## EXERCISE PROMPT
Word for word, reproduce each line of the data below, omitting every image.

## INFORMATION SHOWN
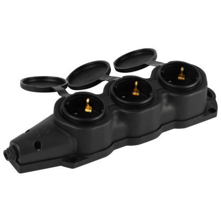 Колодка 3-м с заземл. 16A IP44 KX-3e-B-IP44 каучук. черн. Эра Б0068453
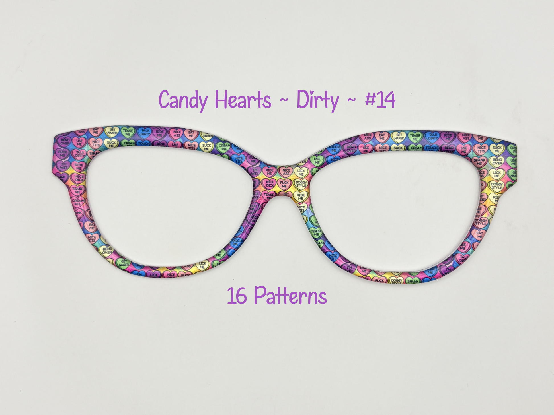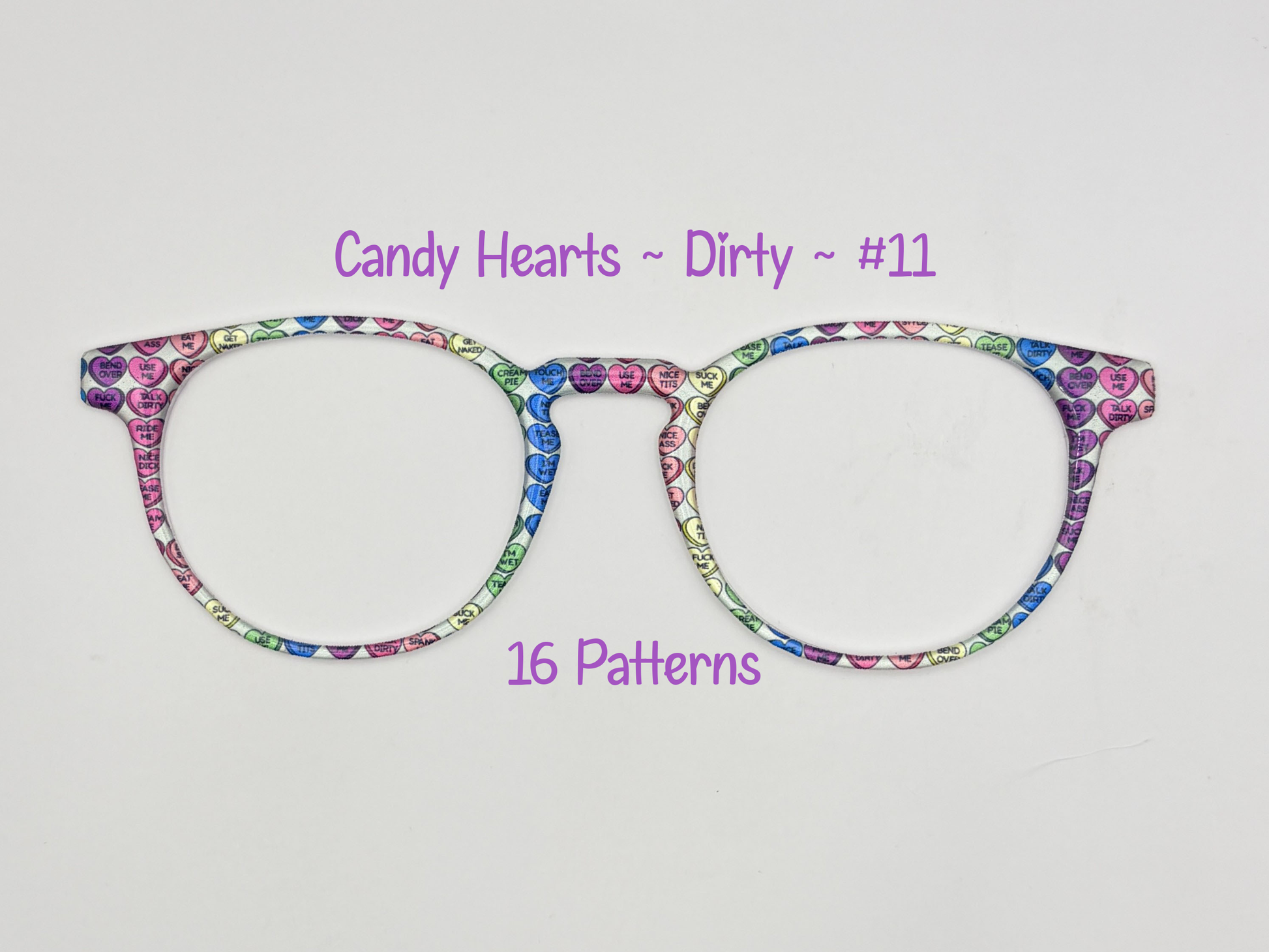 Provocative candy hearts with edgy, unfiltered sayings attach to your eyeglasses as bold statement pieces. These daring toppers infuse your frames with irreverent personality and fearless flair, turning everyday eyewear into a declaration of confidence. Wear your attitude front and center.
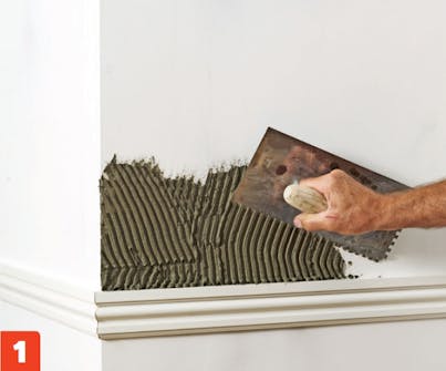 Sæt en liste op,hvis der ikke er en fast og lige bund, hvor fliserne skal starte. Sørg for, at listen 100 % i vater, inden du skruer den midlertidigt fast. Bland fliseklæber, og smør den på væggen lidt ad gangen.
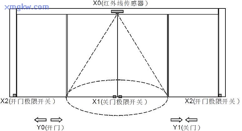 當(dāng)人進(jìn)入紅外線傳感器區(qū)域時(shí),開(kāi)門電機(jī)啟動(dòng),門自動(dòng)打開(kāi),直到碰到開(kāi)門極限停止。
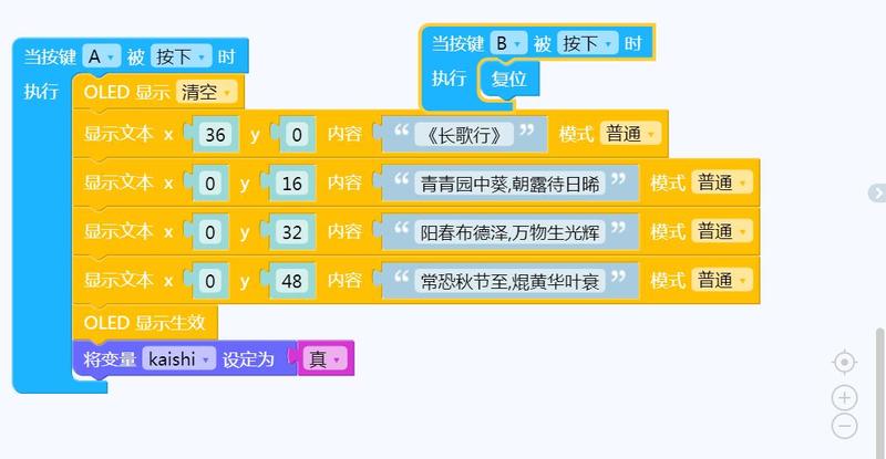 2、当按下掌控板A键,开始播放古诗词,当按下掌控板B键,重新播放,
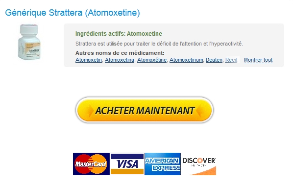 Ou Acheter A Prix Reduit Strattera Atomoxetine. Strattera générique (Atomoxetine) est utilisé pour traiter les Troubles du Déficit de l’Attention avec Hyperactivité (TDAH) Strattera générique est disponible sous la forme de copmrimé et de capsule et vous pouvez les commander ici aujourd’hui pour une fraction de leur prix normal. Strattera générique est aussi commercialisé en tant que: Atomoxetine, Attentin, Tomoxetin.
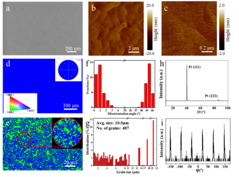 Figure 2. 退火后T-Pt薄膜的表征。(a)掃描電鏡圖像。(b-c)原子力顯微鏡圖像。(d) EBSD面外掃描圖。(e)EBSD面內(nèi)掃描圖。(f)鉑的取向分布。(g) 孿晶域的尺寸分布。(h)退火后Pt膜的XRD圖。
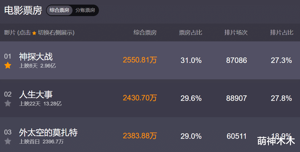 或者直接看三部電影的票房排名,根據(jù)一家專業(yè) APP的數(shù)據(jù),《外太空的莫扎特》首日票房竟然排到了第三名。
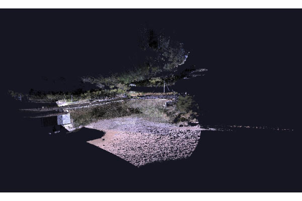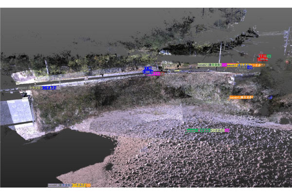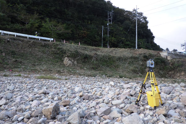 地上型レーザースキャナーにてICT土工のための3次元起工測量を実施。
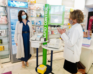 Isabel Díaz Ayuso en su visita a una farmacia.
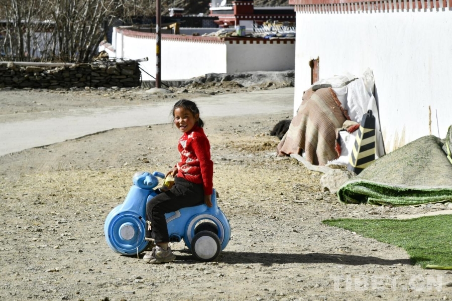 图为定日县长所乡古荣村内在自家新居前快乐玩耍的小女孩。摄影:赵振宇
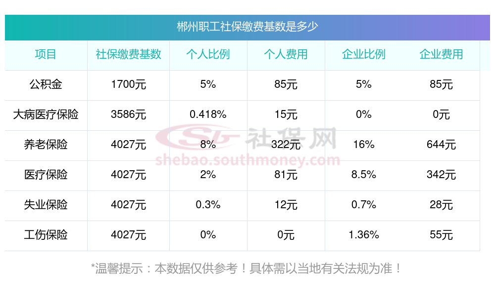 郴州社保缴纳情况是怎样的?一起和社保君一起来看看下面的明细表:
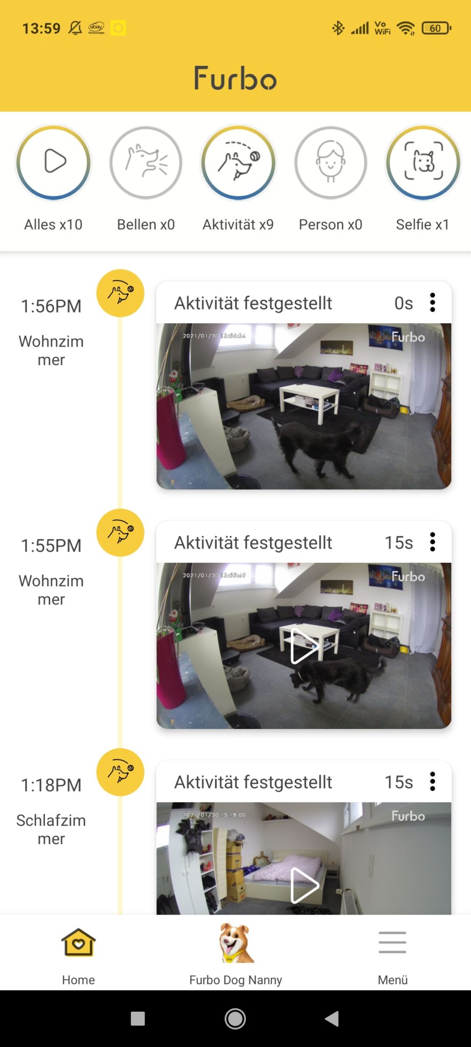 Mit der Furbo Dog Nanny stellt der Hersteller weitere Funktionen zur Verfügung. Dazu zählen neben einem Alarm für Heimnotfall, dauerhaftes Bellen, Wimmern, Heulen, Personen, Aktivitäten und Selfie auch das Cloud Recording (24 Stunden ereignisbasiert) und das Hundetagebuch. Letzteres ist ein maximal ein minütiges Video mit verschiedenen „Highlights“ des Hundetages zusammengeschnitten und mit Musik unterlegt. Bald verfügbar soll auch ein Alarm für Hundenotfall sein. Außerdem ist es mit dem Dog Nanny-Abo möglich, sich über die App Benachrichtigungshinweise aufs Smartphone senden zu lassen.
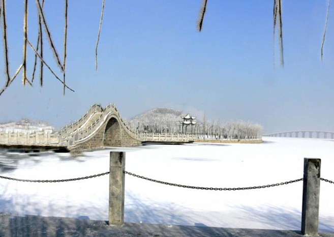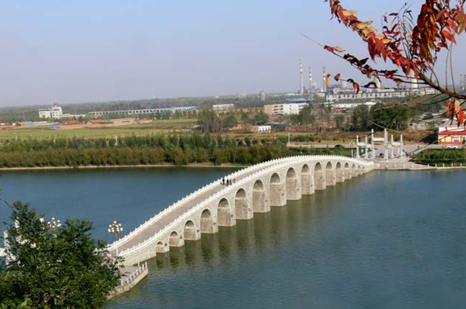 又名十七孔橋,是東阿縣跨度最大的一座橋。由十七個(gè)橋孔組成,總跨度142米,水面高度9.9米,它似一條玉帶,鑲嵌在碧波蕩漾的洛神湖上。
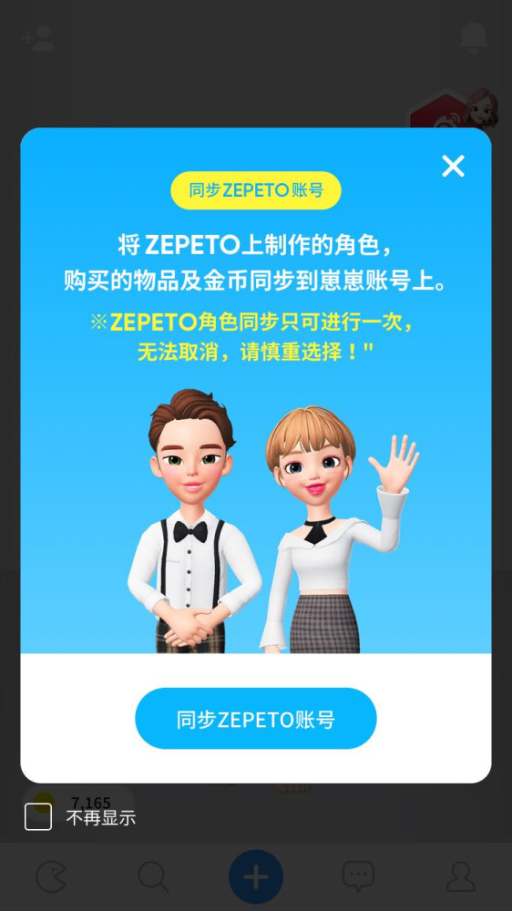 用户可选择同步ZEPETO账号。同步后,用户名、ZEPETO上制作的角色、购买的物品及金币将会转移到崽崽账号上。
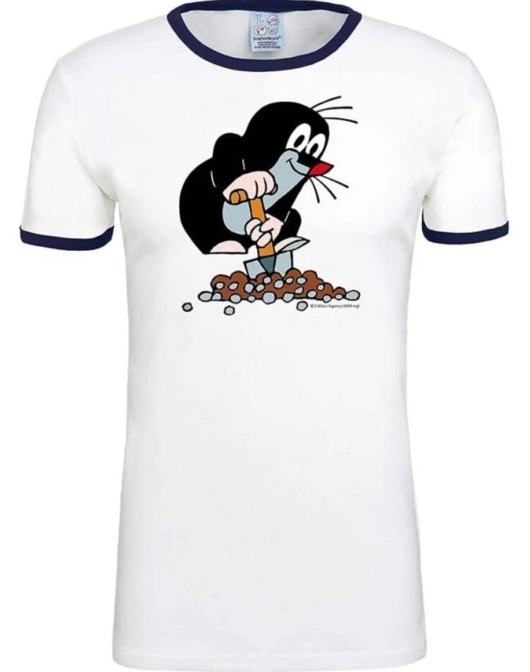Oficiální produkt - pánské tričko z katalogu výrobků s grafikou a licencí populárního kresleného seriálu The Little Mole (Krteček).Zboží je legálně licencováno a prodáváno se souhlasem vlastníků licenčních práv.Bavlněné bílé tričko s modrým lemováním s grafikou Krtečka s rýčem na kopečku. Tričko...
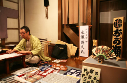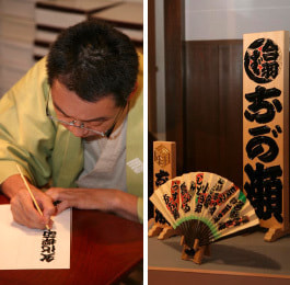 有从木制招牌店过来的业务,在大招牌•小招牌•敬奉匾额等上面刻写人名或企业名称。也在手巾和夏天穿得单和服上写街道名称或同好会的名称,也设计日式棉袄上的徽章。在做扇子的纸上直接写上字后制作出来,能够表达的东西有很多。因为是写在制作好的现成产品上的字,所以字体能够保持原来的大小,不会因为缩小尺寸而使字体破坏。
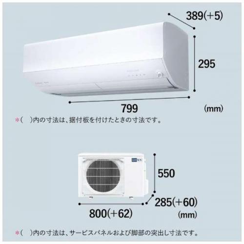 ・室外機:幅800(+配管カバー部62)×高さ550×奥行285(+脚部60)mm
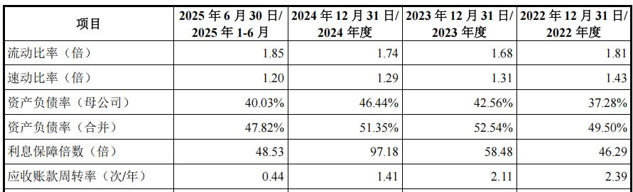 应收账款周转率也从2022年的2.39次/年,降至2025年上半年的0.44次/年,远低于行业平均水平。
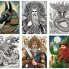Spectacular coloring images of mythological beings.
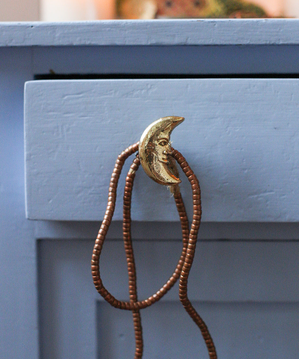 Tirador dorado con forma de luna, ideal para hacer par en una cómoda o de forma individual en cajoneras.
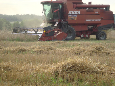 Экипаж комбайна ОАО "Зембинский" на уборке зерновых работает чётко и слаженно |
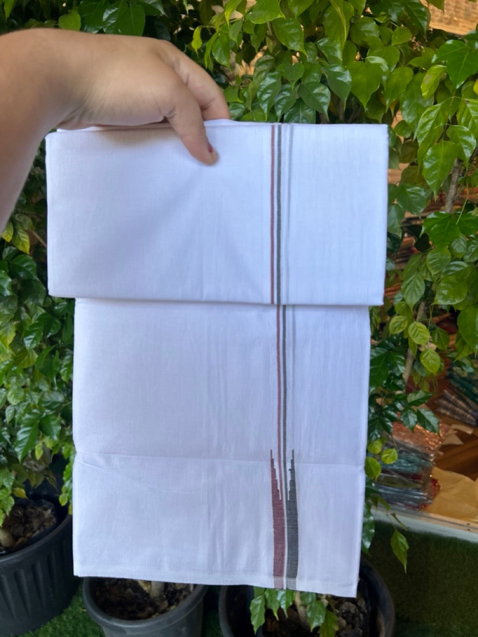 ADMK VESTHI 20% DISCOUNT ! KaithariKada Balaramapuram 100% COTTON DOUBLE PURE WHITE Mundu/Dhoti-100X100- 0.75 Inch Puliyilakkara Maroon & Black Shaded Chutty Kara 3.75 mtr (8 muzham) - 43KK5224 ASH
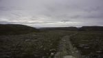 Am kommenden Tag machen wir uns früh auf. Es ist ziemlich kalt und so starten wir sogar mit Handschuhen. Etwa 15 km dieser Quadspur liegen nun vor uns. Das schlimme ist man kann die Spur fast die gesamte Zeit in der Landschaft vor sich sehen. Aber die Aussicht ist dafür fantastisch. Zwei Anstiege haben wir zu bewältigen bevor es in das Eibydalen hinunter geht und als wir die Kuppe des ersten Anstiegs erreichen bleiben wir stehen und schauen in die Ferne. Da hinten am Horizont können wir den Altafjord sehen. Unglaublich! Nach vier Monaten im Fjell sehen wir wieder Meer und wann wenn nicht jetzt wird mir entgültig bewusst das es vielleicht noch 10 Tage bis an das Ziel sind und diese Tour die so lange geplant wurde nun fast zu Ende ist.

## RESULT OF THE TASK
 Колодка 3-м с заземл. 16A IP44 KX-3e-B-IP44 каучук. черн. Эра Б0068453
 Provocative candy hearts with edgy, unfiltered sayings attach to your eyeglasses as bold statement pieces. These daring toppers infuse your frames with irreverent personality and fearless flair, turning everyday eyewear into a declaration of confidence. Wear your attitude front and center.
 Sæt en liste op,hvis der ikke er en fast og lige bund, hvor fliserne skal starte. Sørg for, at listen 100 % i vater, inden du skruer den midlertidigt fast. Bland fliseklæber, og smør den på væggen lidt ad gangen.
 當(dāng)人進(jìn)入紅外線傳感器區(qū)域時(shí),開(kāi)門電機(jī)啟動(dòng),門自動(dòng)打開(kāi),直到碰到開(kāi)門極限停止。
 2、当按下掌控板A键,开始播放古诗词,当按下掌控板B键,重新播放,
 Ou Acheter A Prix Reduit Strattera Atomoxetine. Strattera générique (Atomoxetine) est utilisé pour traiter les Troubles du Déficit de l’Attention avec Hyperactivité (TDAH) Strattera générique est disponible sous la forme de copmrimé et de capsule et vous pouvez les commander ici aujourd’hui pour une fraction de leur prix normal. Strattera générique est aussi commercialisé en tant que: Atomoxetine, Attentin, Tomoxetin.
 Figure 2. 退火后T-Pt薄膜的表征。(a)掃描電鏡圖像。(b-c)原子力顯微鏡圖像。(d) EBSD面外掃描圖。(e)EBSD面內(nèi)掃描圖。(f)鉑的取向分布。(g) 孿晶域的尺寸分布。(h)退火后Pt膜的XRD圖。
 或者直接看三部電影的票房排名,根據(jù)一家專業(yè) APP的數(shù)據(jù),《外太空的莫扎特》首日票房竟然排到了第三名。
 地上型レーザースキャナーにてICT土工のための3次元起工測量を実施。
 Isabel Díaz Ayuso en su visita a una farmacia.
 图为定日县长所乡古荣村内在自家新居前快乐玩耍的小女孩。摄影:赵振宇
 郴州社保缴纳情况是怎样的?一起和社保君一起来看看下面的明细表:
 Mit der Furbo Dog Nanny stellt der Hersteller weitere Funktionen zur Verfügung. Dazu zählen neben einem Alarm für Heimnotfall, dauerhaftes Bellen, Wimmern, Heulen, Personen, Aktivitäten und Selfie auch das Cloud Recording (24 Stunden ereignisbasiert) und das Hundetagebuch. Letzteres ist ein maximal ein minütiges Video mit verschiedenen „Highlights“ des Hundetages zusammengeschnitten und mit Musik unterlegt. Bald verfügbar soll auch ein Alarm für Hundenotfall sein. Außerdem ist es mit dem Dog Nanny-Abo möglich, sich über die App Benachrichtigungshinweise aufs Smartphone senden zu lassen.
 又名十七孔橋,是東阿縣跨度最大的一座橋。由十七個(gè)橋孔組成,總跨度142米,水面高度9.9米,它似一條玉帶,鑲嵌在碧波蕩漾的洛神湖上。
 用户可选择同步ZEPETO账号。同步后,用户名、ZEPETO上制作的角色、购买的物品及金币将会转移到崽崽账号上。
Oficiální produkt - pánské tričko z katalogu výrobků s grafikou a licencí populárního kresleného seriálu The Little Mole (Krteček).Zboží je legálně licencováno a prodáváno se souhlasem vlastníků licenčních práv.Bavlněné bílé tričko s modrým lemováním s grafikou Krtečka s rýčem na kopečku. Tričko...
 有从木制招牌店过来的业务,在大招牌•小招牌•敬奉匾额等上面刻写人名或企业名称。也在手巾和夏天穿得单和服上写街道名称或同好会的名称,也设计日式棉袄上的徽章。在做扇子的纸上直接写上字后制作出来,能够表达的东西有很多。因为是写在制作好的现成产品上的字,所以字体能够保持原来的大小,不会因为缩小尺寸而使字体破坏。
 ・室外機:幅800(+配管カバー部62)×高さ550×奥行285(+脚部60)mm
 应收账款周转率也从2022年的2.39次/年,降至2025年上半年的0.44次/年,远低于行业平均水平。
Spectacular coloring images of mythological beings.
 Tirador dorado con forma de luna, ideal para hacer par en una cómoda o de forma individual en cajoneras.
 Экипаж комбайна ОАО "Зембинский" на уборке зерновых работает чётко и слаженно |
 ADMK VESTHI 20% DISCOUNT ! KaithariKada Balaramapuram 100% COTTON DOUBLE PURE WHITE Mundu/Dhoti-100X100- 0.75 Inch Puliyilakkara Maroon & Black Shaded Chutty Kara 3.75 mtr (8 muzham) - 43KK5224 ASH
 Am kommenden Tag machen wir uns früh auf. Es ist ziemlich kalt und so starten wir sogar mit Handschuhen. Etwa 15 km dieser Quadspur liegen nun vor uns. Das schlimme ist man kann die Spur fast die gesamte Zeit in der Landschaft vor sich sehen. Aber die Aussicht ist dafür fantastisch. Zwei Anstiege haben wir zu bewältigen bevor es in das Eibydalen hinunter geht und als wir die Kuppe des ersten Anstiegs erreichen bleiben wir stehen und schauen in die Ferne. Da hinten am Horizont können wir den Altafjord sehen. Unglaublich! Nach vier Monaten im Fjell sehen wir wieder Meer und wann wenn nicht jetzt wird mir entgültig bewusst das es vielleicht noch 10 Tage bis an das Ziel sind und diese Tour die so lange geplant wurde nun fast zu Ende ist.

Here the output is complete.